__What to produce__
Write the data out in full and word for word. Do not include images.

__Data__
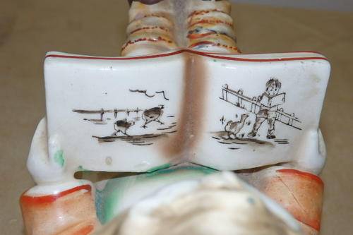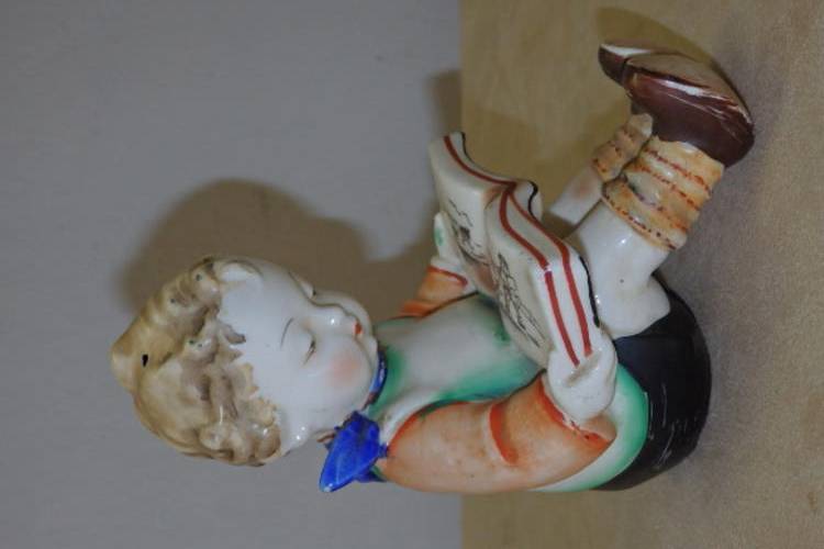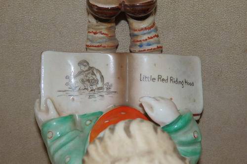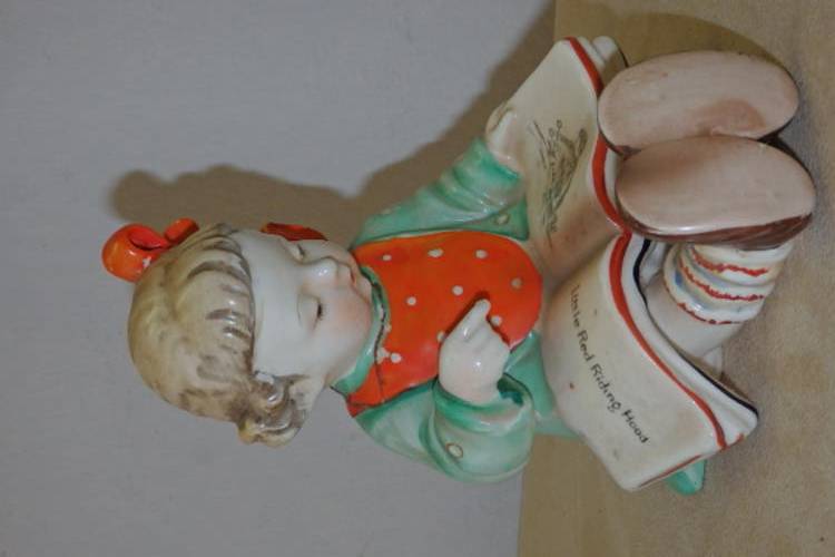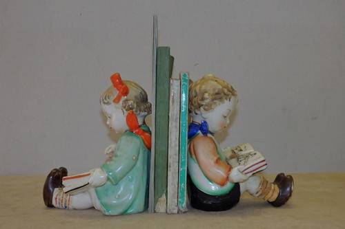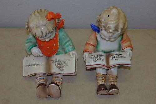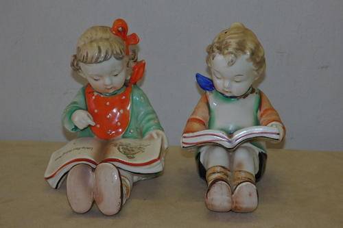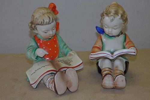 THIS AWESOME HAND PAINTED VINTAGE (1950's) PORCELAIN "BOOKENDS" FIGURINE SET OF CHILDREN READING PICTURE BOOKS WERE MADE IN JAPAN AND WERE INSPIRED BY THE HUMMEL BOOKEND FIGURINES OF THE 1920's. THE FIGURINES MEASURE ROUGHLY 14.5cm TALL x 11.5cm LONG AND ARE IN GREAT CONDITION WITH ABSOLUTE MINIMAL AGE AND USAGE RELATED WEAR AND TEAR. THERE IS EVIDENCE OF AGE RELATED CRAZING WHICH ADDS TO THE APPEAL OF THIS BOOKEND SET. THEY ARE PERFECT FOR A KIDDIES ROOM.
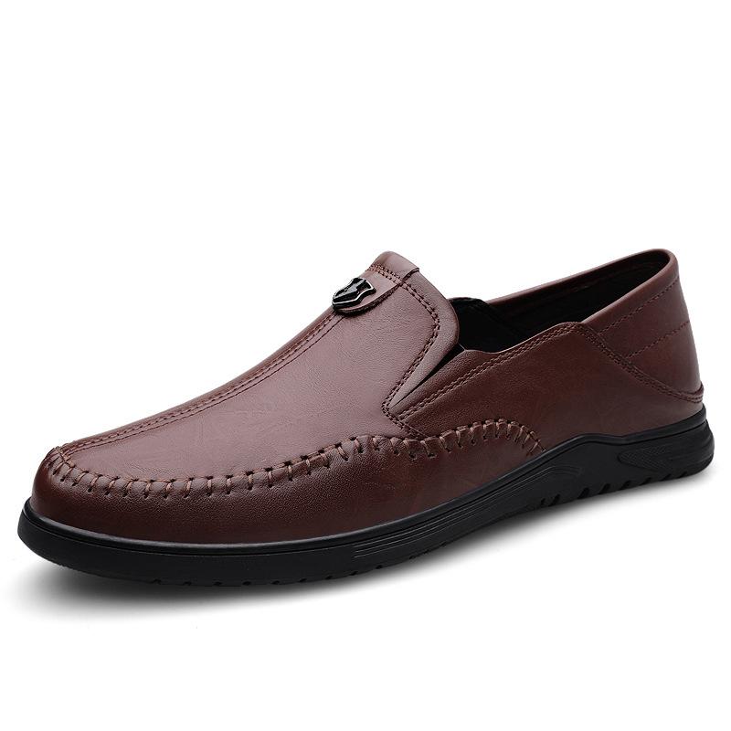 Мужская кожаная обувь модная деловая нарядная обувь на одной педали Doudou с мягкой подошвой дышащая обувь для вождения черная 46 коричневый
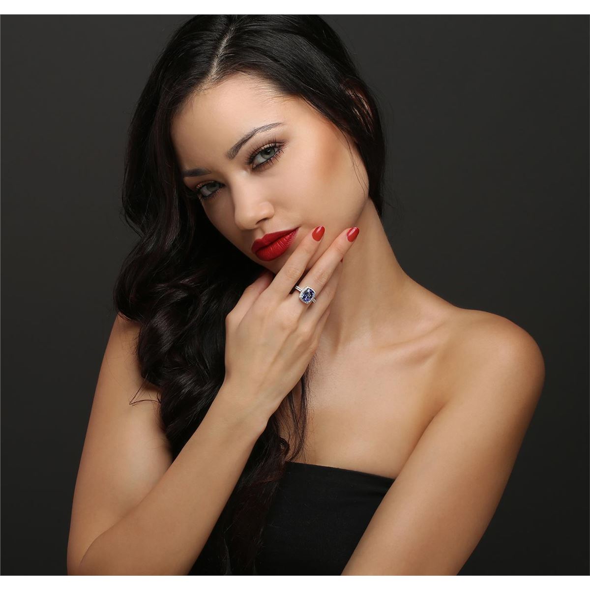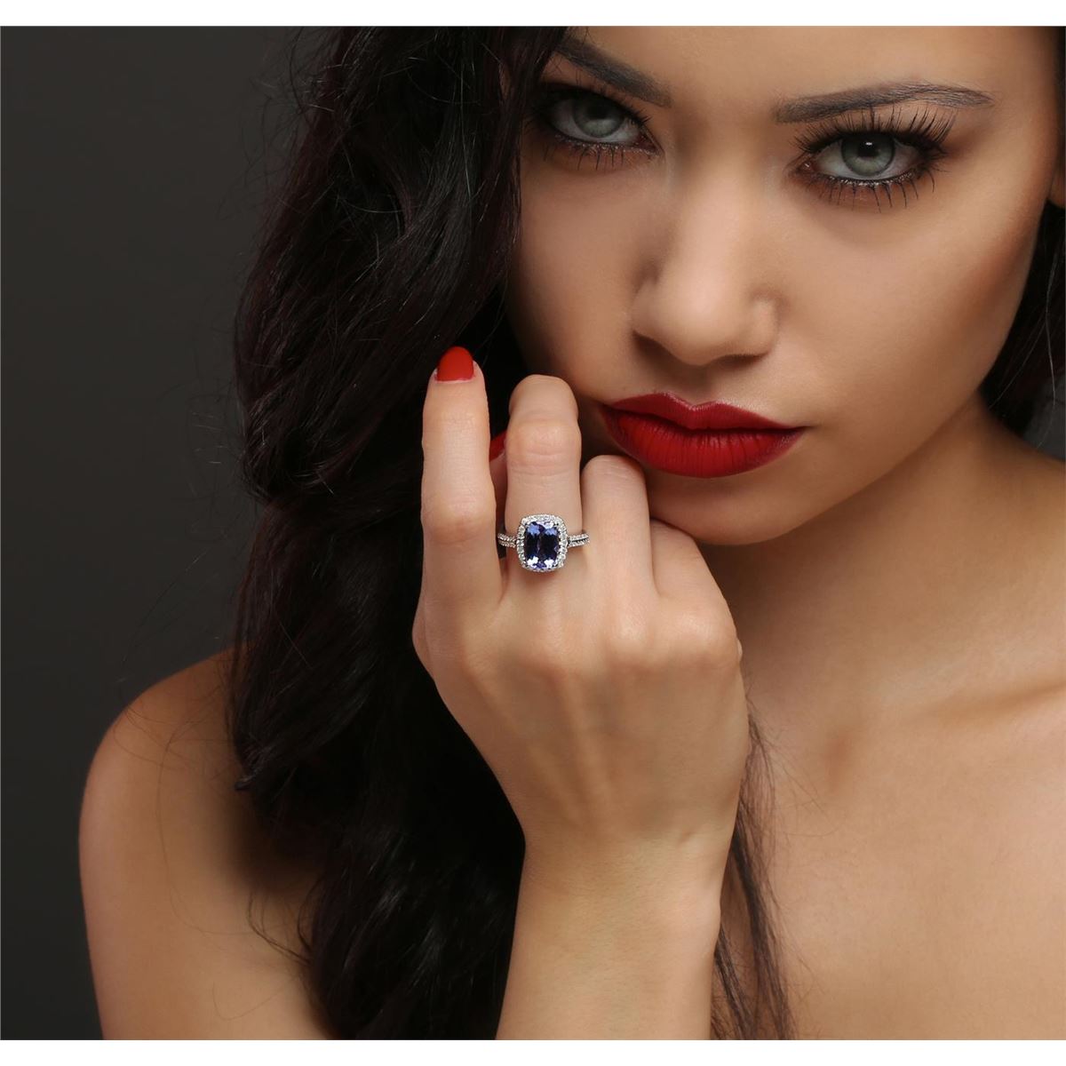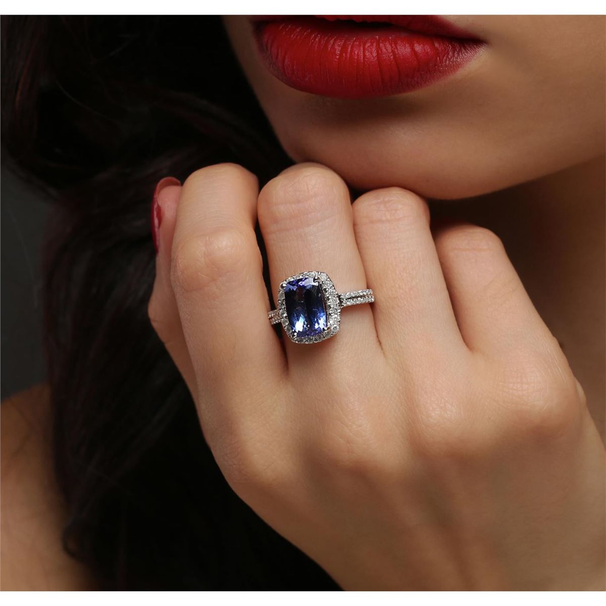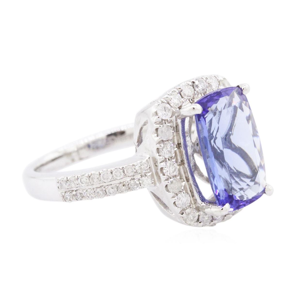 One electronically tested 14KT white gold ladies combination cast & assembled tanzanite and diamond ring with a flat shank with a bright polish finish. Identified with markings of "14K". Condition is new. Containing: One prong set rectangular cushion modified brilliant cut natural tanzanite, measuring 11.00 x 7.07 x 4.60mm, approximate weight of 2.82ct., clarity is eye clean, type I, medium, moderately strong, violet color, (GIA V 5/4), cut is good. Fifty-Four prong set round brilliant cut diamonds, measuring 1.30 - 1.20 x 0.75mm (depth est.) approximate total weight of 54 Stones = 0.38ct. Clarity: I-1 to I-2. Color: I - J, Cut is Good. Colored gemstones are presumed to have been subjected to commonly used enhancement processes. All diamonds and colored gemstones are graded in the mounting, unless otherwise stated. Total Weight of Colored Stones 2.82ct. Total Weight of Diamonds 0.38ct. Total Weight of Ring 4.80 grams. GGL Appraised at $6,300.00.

__Completed task__
 THIS AWESOME HAND PAINTED VINTAGE (1950's) PORCELAIN "BOOKENDS" FIGURINE SET OF CHILDREN READING PICTURE BOOKS WERE MADE IN JAPAN AND WERE INSPIRED BY THE HUMMEL BOOKEND FIGURINES OF THE 1920's. THE FIGURINES MEASURE ROUGHLY 14.5cm TALL x 11.5cm LONG AND ARE IN GREAT CONDITION WITH ABSOLUTE MINIMAL AGE AND USAGE RELATED WEAR AND TEAR. THERE IS EVIDENCE OF AGE RELATED CRAZING WHICH ADDS TO THE APPEAL OF THIS BOOKEND SET. THEY ARE PERFECT FOR A KIDDIES ROOM.
 Мужская кожаная обувь модная деловая нарядная обувь на одной педали Doudou с мягкой подошвой дышащая обувь для вождения черная 46 коричневый
 One electronically tested 14KT white gold ladies combination cast & assembled tanzanite and diamond ring with a flat shank with a bright polish finish. Identified with markings of "14K". Condition is new. Containing: One prong set rectangular cushion modified brilliant cut natural tanzanite, measuring 11.00 x 7.07 x 4.60mm, approximate weight of 2.82ct., clarity is eye clean, type I, medium, moderately strong, violet color, (GIA V 5/4), cut is good. Fifty-Four prong set round brilliant cut diamonds, measuring 1.30 - 1.20 x 0.75mm (depth est.) approximate total weight of 54 Stones = 0.38ct. Clarity: I-1 to I-2. Color: I - J, Cut is Good. Colored gemstones are presumed to have been subjected to commonly used enhancement processes. All diamonds and colored gemstones are graded in the mounting, unless otherwise stated. Total Weight of Colored Stones 2.82ct. Total Weight of Diamonds 0.38ct. Total Weight of Ring 4.80 grams. GGL Appraised at $6,300.00.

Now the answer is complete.